**DATASET RECORDS:**

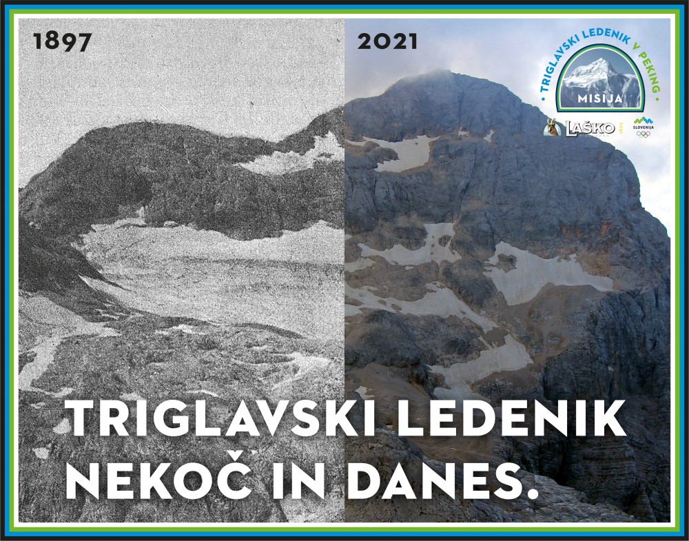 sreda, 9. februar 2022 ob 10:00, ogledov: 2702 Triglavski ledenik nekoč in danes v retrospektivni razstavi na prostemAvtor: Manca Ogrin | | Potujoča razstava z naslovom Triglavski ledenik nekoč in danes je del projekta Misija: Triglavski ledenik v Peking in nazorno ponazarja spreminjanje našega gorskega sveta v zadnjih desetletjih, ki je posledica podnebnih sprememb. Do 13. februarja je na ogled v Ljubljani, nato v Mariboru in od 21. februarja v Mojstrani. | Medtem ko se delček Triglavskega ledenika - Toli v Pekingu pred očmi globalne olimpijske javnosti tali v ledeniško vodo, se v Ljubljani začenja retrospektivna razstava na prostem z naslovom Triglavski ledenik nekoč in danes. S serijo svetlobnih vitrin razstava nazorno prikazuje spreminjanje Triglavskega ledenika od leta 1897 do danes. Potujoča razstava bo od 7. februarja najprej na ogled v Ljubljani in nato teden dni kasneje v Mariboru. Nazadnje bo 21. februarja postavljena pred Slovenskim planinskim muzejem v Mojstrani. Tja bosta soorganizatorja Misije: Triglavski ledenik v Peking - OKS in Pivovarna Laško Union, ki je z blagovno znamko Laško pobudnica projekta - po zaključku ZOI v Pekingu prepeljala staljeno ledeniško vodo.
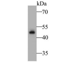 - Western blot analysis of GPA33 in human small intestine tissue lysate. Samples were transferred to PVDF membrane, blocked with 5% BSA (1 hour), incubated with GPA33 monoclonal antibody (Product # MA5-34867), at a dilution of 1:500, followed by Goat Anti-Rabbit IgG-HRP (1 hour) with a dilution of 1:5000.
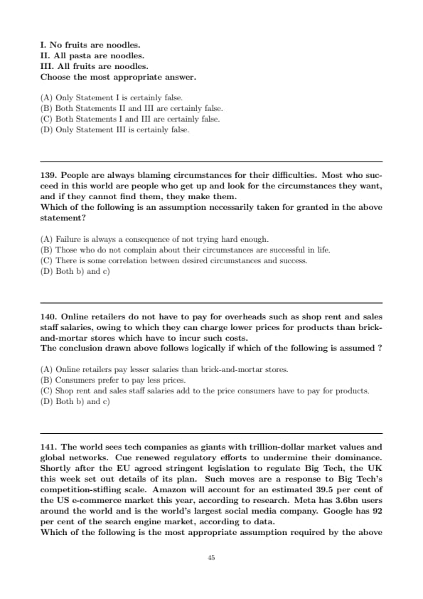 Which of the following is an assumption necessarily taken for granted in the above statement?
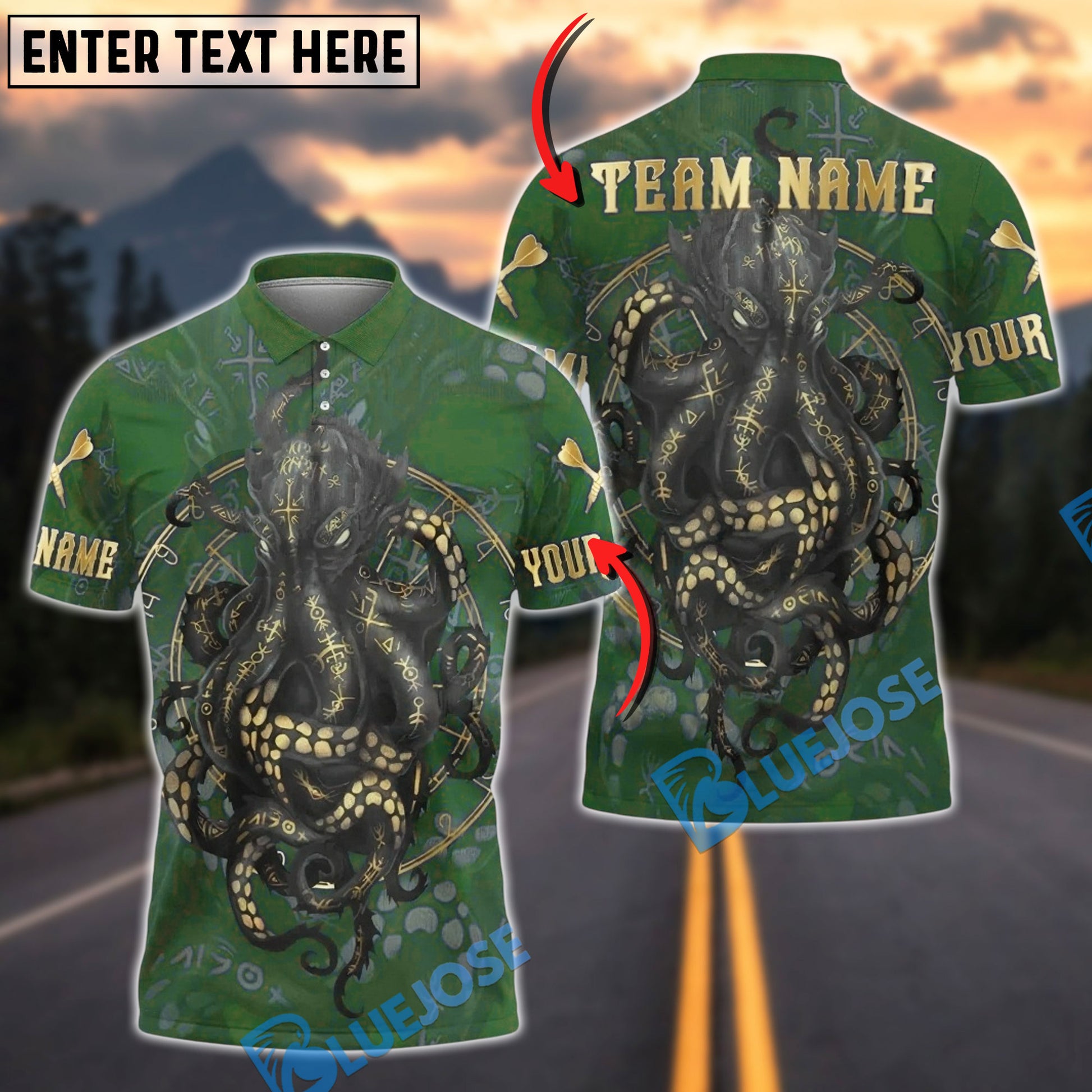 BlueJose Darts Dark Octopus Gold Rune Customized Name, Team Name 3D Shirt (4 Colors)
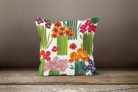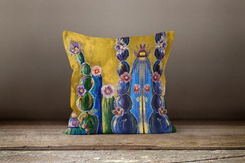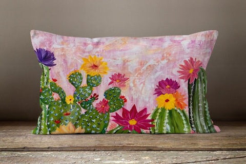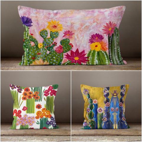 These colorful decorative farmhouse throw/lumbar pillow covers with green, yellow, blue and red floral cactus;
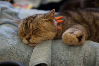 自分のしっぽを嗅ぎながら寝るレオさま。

**PROBLEM STATEMENT:** Every line from the top of the records above to the line with "These colorful decorative", inclusive, should be duplicated exactly, minus the pictures.

**OUTPUT FOR THIS TASK:**
 sreda, 9. februar 2022 ob 10:00, ogledov: 2702 Triglavski ledenik nekoč in danes v retrospektivni razstavi na prostemAvtor: Manca Ogrin | | Potujoča razstava z naslovom Triglavski ledenik nekoč in danes je del projekta Misija: Triglavski ledenik v Peking in nazorno ponazarja spreminjanje našega gorskega sveta v zadnjih desetletjih, ki je posledica podnebnih sprememb. Do 13. februarja je na ogled v Ljubljani, nato v Mariboru in od 21. februarja v Mojstrani. | Medtem ko se delček Triglavskega ledenika - Toli v Pekingu pred očmi globalne olimpijske javnosti tali v ledeniško vodo, se v Ljubljani začenja retrospektivna razstava na prostem z naslovom Triglavski ledenik nekoč in danes. S serijo svetlobnih vitrin razstava nazorno prikazuje spreminjanje Triglavskega ledenika od leta 1897 do danes. Potujoča razstava bo od 7. februarja najprej na ogled v Ljubljani in nato teden dni kasneje v Mariboru. Nazadnje bo 21. februarja postavljena pred Slovenskim planinskim muzejem v Mojstrani. Tja bosta soorganizatorja Misije: Triglavski ledenik v Peking - OKS in Pivovarna Laško Union, ki je z blagovno znamko Laško pobudnica projekta - po zaključku ZOI v Pekingu prepeljala staljeno ledeniško vodo.
 - Western blot analysis of GPA33 in human small intestine tissue lysate. Samples were transferred to PVDF membrane, blocked with 5% BSA (1 hour), incubated with GPA33 monoclonal antibody (Product # MA5-34867), at a dilution of 1:500, followed by Goat Anti-Rabbit IgG-HRP (1 hour) with a dilution of 1:5000.
 Which of the following is an assumption necessarily taken for granted in the above statement?
 BlueJose Darts Dark Octopus Gold Rune Customized Name, Team Name 3D Shirt (4 Colors)
 These colorful decorative farmhouse throw/lumbar pillow covers with green, yellow, blue and red floral cactus;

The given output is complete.